### PROBLEM:
Once you find the line below that has "Waterfall Security Solutions", output it and every line after it exactly, stopping after the line that has "You can save", with no pictures.

### MATERIAL FOR THIS EXERCISE:

=== Section Start ===

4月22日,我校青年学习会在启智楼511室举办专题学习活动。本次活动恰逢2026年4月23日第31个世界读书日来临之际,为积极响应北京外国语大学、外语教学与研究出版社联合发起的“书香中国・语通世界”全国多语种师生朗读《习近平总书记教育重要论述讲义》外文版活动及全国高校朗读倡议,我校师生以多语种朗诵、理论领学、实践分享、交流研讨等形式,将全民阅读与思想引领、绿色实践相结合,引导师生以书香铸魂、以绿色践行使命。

=== Section End ===
=== Section Start ===

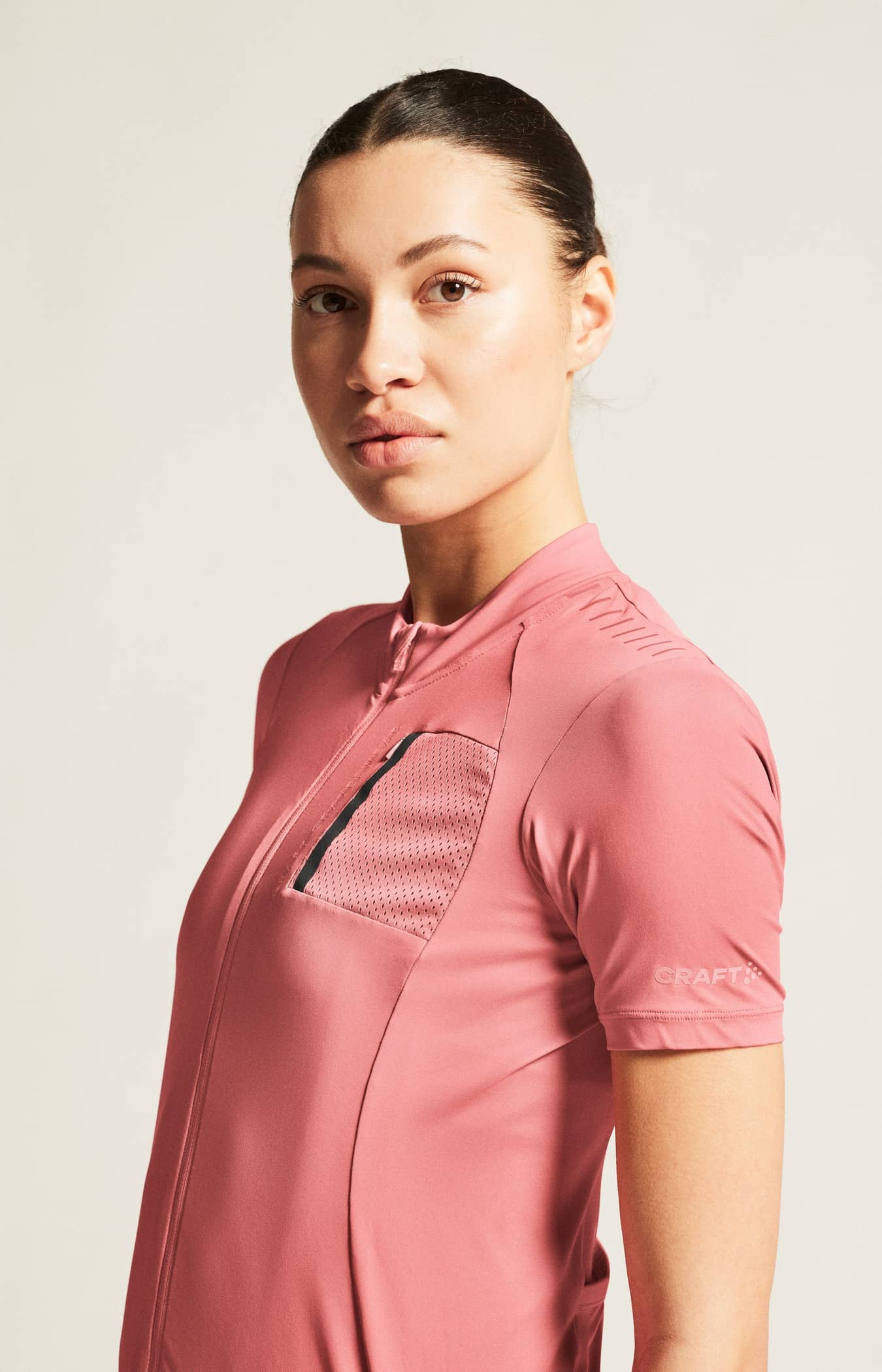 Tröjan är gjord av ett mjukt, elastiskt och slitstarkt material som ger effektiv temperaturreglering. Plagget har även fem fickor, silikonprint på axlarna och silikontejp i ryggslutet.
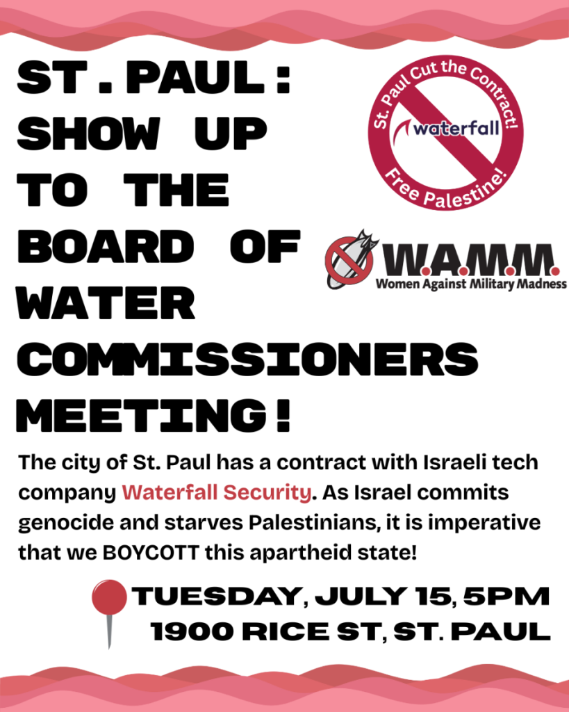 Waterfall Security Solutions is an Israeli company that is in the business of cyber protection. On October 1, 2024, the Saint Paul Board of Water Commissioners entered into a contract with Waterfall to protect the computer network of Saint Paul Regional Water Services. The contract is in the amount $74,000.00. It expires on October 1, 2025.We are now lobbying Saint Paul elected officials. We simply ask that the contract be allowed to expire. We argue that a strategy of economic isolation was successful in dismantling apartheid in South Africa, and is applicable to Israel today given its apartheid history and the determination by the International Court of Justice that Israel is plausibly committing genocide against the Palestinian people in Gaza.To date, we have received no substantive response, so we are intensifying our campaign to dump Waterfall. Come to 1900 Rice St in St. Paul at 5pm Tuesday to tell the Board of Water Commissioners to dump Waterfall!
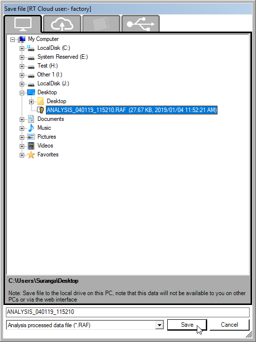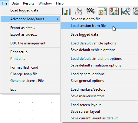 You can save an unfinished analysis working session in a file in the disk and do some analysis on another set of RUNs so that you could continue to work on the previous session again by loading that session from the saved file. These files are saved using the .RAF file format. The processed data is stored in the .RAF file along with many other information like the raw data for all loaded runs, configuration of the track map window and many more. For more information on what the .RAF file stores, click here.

=== Section End ===

### WORKED SOLUTION:
 Waterfall Security Solutions is an Israeli company that is in the business of cyber protection. On October 1, 2024, the Saint Paul Board of Water Commissioners entered into a contract with Waterfall to protect the computer network of Saint Paul Regional Water Services. The contract is in the amount $74,000.00. It expires on October 1, 2025.We are now lobbying Saint Paul elected officials. We simply ask that the contract be allowed to expire. We argue that a strategy of economic isolation was successful in dismantling apartheid in South Africa, and is applicable to Israel today given its apartheid history and the determination by the International Court of Justice that Israel is plausibly committing genocide against the Palestinian people in Gaza.To date, we have received no substantive response, so we are intensifying our campaign to dump Waterfall. Come to 1900 Rice St in St. Paul at 5pm Tuesday to tell the Board of Water Commissioners to dump Waterfall!
 You can save an unfinished analysis working session in a file in the disk and do some analysis on another set of RUNs so that you could continue to work on the previous session again by loading that session from the saved file. These files are saved using the .RAF file format. The processed data is stored in the .RAF file along with many other information like the raw data for all loaded runs, configuration of the track map window and many more. For more information on what the .RAF file stores, click here.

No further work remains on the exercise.